*** Begin section ***
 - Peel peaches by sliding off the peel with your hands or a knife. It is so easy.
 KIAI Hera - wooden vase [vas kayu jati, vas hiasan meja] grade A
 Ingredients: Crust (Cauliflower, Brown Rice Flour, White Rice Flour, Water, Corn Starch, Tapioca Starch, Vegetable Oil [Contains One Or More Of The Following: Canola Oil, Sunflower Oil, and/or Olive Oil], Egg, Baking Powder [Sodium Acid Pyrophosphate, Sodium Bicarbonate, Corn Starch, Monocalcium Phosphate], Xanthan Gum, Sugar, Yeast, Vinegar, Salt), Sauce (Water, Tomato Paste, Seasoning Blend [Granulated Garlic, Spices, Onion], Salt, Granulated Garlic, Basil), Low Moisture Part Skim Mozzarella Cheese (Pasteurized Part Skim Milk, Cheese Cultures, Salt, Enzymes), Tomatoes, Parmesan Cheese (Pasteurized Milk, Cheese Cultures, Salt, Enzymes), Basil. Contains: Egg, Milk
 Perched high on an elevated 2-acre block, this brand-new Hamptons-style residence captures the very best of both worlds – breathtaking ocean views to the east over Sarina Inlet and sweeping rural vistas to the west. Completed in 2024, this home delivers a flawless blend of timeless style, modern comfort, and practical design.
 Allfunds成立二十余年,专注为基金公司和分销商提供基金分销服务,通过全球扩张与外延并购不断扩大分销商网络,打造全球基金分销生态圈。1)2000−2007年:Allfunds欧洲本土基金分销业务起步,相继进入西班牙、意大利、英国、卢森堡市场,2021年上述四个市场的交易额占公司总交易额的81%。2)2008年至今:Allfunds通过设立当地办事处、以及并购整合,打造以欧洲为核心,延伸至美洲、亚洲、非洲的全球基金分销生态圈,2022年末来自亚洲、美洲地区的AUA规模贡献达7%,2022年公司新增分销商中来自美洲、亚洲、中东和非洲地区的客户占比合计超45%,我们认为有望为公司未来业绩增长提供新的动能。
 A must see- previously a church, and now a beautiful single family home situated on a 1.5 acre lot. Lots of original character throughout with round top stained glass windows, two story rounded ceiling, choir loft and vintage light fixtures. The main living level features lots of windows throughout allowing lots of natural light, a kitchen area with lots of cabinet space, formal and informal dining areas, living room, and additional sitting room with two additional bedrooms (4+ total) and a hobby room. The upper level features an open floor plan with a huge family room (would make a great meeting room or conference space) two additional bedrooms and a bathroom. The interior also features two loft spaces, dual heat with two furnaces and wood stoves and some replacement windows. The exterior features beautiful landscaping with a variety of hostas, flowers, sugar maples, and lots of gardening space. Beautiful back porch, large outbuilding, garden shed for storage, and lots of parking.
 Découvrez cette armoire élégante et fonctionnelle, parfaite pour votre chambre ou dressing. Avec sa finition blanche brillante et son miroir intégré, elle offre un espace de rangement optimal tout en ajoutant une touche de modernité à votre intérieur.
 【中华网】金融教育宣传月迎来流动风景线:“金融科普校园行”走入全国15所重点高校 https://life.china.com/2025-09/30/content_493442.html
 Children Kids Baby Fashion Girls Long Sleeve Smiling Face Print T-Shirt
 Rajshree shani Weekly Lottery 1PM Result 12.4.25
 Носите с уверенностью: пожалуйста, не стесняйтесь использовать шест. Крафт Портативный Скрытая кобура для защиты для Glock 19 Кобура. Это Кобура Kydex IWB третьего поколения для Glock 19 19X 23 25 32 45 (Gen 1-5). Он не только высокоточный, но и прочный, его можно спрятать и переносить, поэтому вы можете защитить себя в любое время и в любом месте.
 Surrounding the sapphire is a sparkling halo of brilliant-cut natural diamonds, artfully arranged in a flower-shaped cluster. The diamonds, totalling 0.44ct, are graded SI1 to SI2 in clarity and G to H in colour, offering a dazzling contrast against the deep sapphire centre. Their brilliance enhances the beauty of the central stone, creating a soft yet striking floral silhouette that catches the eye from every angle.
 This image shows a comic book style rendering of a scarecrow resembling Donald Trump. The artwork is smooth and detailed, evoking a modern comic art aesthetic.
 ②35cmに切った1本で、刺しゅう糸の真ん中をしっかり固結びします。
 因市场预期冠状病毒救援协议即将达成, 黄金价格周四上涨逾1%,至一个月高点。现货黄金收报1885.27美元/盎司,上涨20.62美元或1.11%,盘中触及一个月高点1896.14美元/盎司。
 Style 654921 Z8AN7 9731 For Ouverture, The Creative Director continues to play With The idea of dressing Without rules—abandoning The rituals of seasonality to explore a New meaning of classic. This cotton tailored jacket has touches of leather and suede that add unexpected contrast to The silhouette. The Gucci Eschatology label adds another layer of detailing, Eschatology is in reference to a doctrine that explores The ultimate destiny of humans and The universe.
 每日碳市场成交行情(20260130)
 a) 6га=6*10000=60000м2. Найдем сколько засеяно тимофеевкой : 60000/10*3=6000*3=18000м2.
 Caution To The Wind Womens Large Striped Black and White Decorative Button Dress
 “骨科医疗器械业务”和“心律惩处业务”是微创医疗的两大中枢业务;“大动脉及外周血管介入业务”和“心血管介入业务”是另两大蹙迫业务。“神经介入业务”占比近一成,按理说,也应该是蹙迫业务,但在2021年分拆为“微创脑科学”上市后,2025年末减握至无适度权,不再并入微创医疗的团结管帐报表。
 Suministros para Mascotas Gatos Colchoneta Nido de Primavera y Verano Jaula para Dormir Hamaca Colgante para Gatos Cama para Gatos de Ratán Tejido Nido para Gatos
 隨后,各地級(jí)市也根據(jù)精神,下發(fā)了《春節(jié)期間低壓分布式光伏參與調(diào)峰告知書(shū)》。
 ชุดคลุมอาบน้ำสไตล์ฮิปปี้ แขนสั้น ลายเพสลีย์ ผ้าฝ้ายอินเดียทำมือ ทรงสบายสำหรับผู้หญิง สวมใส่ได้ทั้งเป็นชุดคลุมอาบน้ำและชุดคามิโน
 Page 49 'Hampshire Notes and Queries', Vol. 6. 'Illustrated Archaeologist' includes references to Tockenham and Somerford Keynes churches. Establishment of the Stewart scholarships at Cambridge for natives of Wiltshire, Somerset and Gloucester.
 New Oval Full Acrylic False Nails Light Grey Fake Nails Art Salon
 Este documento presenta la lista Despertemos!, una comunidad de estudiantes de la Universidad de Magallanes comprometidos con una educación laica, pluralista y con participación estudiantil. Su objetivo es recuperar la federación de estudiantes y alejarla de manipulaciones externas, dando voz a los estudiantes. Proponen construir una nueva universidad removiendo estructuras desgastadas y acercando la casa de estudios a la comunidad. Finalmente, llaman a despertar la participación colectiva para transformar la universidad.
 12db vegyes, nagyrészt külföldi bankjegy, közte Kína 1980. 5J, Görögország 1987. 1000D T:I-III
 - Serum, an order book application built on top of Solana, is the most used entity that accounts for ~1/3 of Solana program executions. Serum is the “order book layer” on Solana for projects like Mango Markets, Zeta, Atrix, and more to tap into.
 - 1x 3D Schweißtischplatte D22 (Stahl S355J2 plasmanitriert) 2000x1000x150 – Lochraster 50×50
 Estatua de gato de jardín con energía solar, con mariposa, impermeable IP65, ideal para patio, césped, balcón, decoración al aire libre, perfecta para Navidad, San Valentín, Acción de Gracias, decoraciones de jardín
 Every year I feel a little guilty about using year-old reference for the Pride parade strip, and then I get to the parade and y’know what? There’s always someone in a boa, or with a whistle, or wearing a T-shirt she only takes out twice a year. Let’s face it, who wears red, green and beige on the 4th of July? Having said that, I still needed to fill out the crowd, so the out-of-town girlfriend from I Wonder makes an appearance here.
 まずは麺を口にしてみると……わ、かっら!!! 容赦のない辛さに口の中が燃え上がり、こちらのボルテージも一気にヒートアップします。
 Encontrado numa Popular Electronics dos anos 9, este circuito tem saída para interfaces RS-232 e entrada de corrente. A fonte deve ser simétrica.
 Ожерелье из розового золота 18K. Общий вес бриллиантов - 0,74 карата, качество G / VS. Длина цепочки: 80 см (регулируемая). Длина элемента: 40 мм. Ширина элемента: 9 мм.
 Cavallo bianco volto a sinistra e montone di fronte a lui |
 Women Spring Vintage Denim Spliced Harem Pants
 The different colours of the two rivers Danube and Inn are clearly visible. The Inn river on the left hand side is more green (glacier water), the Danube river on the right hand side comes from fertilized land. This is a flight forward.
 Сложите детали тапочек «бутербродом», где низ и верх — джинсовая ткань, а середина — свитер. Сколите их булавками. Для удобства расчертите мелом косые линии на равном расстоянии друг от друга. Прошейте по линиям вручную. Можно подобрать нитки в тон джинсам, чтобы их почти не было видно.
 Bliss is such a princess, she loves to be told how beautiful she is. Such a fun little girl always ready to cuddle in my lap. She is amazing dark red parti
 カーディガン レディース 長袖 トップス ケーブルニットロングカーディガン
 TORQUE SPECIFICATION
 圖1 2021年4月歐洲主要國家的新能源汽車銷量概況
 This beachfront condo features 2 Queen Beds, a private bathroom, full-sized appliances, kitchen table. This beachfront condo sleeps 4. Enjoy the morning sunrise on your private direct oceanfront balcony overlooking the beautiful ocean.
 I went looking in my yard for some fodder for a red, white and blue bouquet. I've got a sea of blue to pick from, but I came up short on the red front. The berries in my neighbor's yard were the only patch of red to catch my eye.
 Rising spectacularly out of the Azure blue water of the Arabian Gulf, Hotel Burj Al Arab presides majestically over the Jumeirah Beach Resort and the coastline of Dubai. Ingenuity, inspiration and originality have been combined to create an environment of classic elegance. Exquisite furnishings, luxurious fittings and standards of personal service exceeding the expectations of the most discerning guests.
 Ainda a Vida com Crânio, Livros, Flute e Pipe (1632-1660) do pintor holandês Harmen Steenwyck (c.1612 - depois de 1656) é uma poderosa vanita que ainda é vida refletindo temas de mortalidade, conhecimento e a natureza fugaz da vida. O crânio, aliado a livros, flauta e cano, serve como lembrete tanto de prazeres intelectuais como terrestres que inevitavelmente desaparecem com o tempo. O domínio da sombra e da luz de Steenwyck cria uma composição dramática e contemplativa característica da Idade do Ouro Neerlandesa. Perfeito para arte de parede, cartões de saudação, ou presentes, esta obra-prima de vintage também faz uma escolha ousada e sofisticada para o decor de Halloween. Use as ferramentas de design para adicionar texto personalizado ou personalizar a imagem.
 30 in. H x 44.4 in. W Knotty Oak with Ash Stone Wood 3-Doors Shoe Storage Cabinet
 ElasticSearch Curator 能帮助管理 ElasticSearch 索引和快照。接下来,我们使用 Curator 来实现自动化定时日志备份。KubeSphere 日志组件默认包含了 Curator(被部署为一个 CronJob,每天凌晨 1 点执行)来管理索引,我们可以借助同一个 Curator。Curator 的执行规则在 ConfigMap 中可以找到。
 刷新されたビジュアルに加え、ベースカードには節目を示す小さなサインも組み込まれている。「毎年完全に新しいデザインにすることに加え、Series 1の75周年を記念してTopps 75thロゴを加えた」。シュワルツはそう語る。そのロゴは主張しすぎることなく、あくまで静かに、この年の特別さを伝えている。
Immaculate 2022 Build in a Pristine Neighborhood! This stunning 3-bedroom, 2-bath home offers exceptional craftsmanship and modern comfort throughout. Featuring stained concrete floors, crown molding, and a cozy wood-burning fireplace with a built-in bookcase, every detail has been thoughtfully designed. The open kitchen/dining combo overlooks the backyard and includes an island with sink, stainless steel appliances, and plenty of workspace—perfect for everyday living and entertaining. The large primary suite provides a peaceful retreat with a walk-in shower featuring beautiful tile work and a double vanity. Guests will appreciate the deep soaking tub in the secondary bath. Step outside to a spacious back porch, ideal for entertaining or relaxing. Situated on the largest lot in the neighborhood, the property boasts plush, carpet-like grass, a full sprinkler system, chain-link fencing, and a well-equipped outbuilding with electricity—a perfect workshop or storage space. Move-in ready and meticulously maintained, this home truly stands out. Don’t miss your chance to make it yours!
*** End section ***
__Problem to work on__.
Whenever a line in the entries above includes the word "ocean", pull that line out.

__Output of the task__.
 Perched high on an elevated 2-acre block, this brand-new Hamptons-style residence captures the very best of both worlds – breathtaking ocean views to the east over Sarina Inlet and sweeping rural vistas to the west. Completed in 2024, this home delivers a flawless blend of timeless style, modern comfort, and practical design.
 This beachfront condo features 2 Queen Beds, a private bathroom, full-sized appliances, kitchen table. This beachfront condo sleeps 4. Enjoy the morning sunrise on your private direct oceanfront balcony overlooking the beautiful ocean.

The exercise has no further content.